A search feature that performs well in testing with a small dataset can behave very differently once a production index holds millions of documents and faces real concurrent query load. Both MySQL full-text indexes and dedicated search engines need attention to resource allocation (memory for the search engine's caches, appropriate index sharding for very large datasets) as data grows — a search infrastructure sized for launch-day data volume is a common source of degraded search performance well before the rest of the application shows any strain.

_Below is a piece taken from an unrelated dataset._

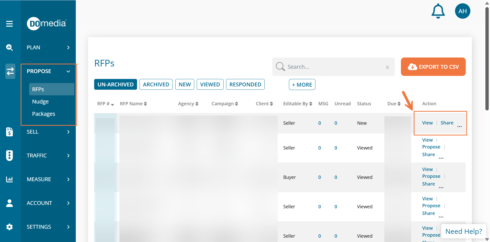 Congratulations on receiving your RFP! To view your RFP you can click the direct link included in the email notification you received to access it or if you are a paying seller, view it from your RFP Dashboard by clicking RFPs under the Propose menu and then View under the Action column.

Case Study: A Search Box That Quietly Lost the Business Sales

An online retailer noticed that a popular product, heavily promoted in marketing campaigns under the name "trainers," returned zero results when customers searched for "sneakers" — the term used in the product catalog itself. Analytics later revealed this single missing synonym had been silently costing a measurable share of search-driven sales for months, invisible in any dashboard that simply tracked "searches performed" without tracking "searches that returned zero results." Once a basic search-analytics logging system (exactly the kind described in this guide) was added, the zero-result-query report immediately surfaced the gap, and a short synonym list fixed it within a day. The deeper lesson: search quality problems are frequently invisible without deliberate logging, because users experiencing a failed search rarely complain — they simply leave, and the business never learns why.

A Glossary for This Topic

Inverted index: a data structure mapping each word to the documents containing it, the foundational structure behind fast full-text search engines. Stemming: reducing a word to its root form (running → run) so a search matches grammatical variations of the same underlying word. Relevance score: a numeric measure of how well a document matches a query, used to rank results from most to least relevant rather than returning them in an arbitrary order. Faceted search: presenting filterable categories (price range, brand, category) alongside search results, typically with counts showing how many results fall into each facet.

Frequently Asked Questions

Is Elasticsearch overkill for a small website? For a small catalog or content set, MySQL full-text search is usually sufficient and avoids the operational overhead of running and maintaining a separate search cluster; Elasticsearch earns its complexity once search becomes a primary feature at meaningful scale.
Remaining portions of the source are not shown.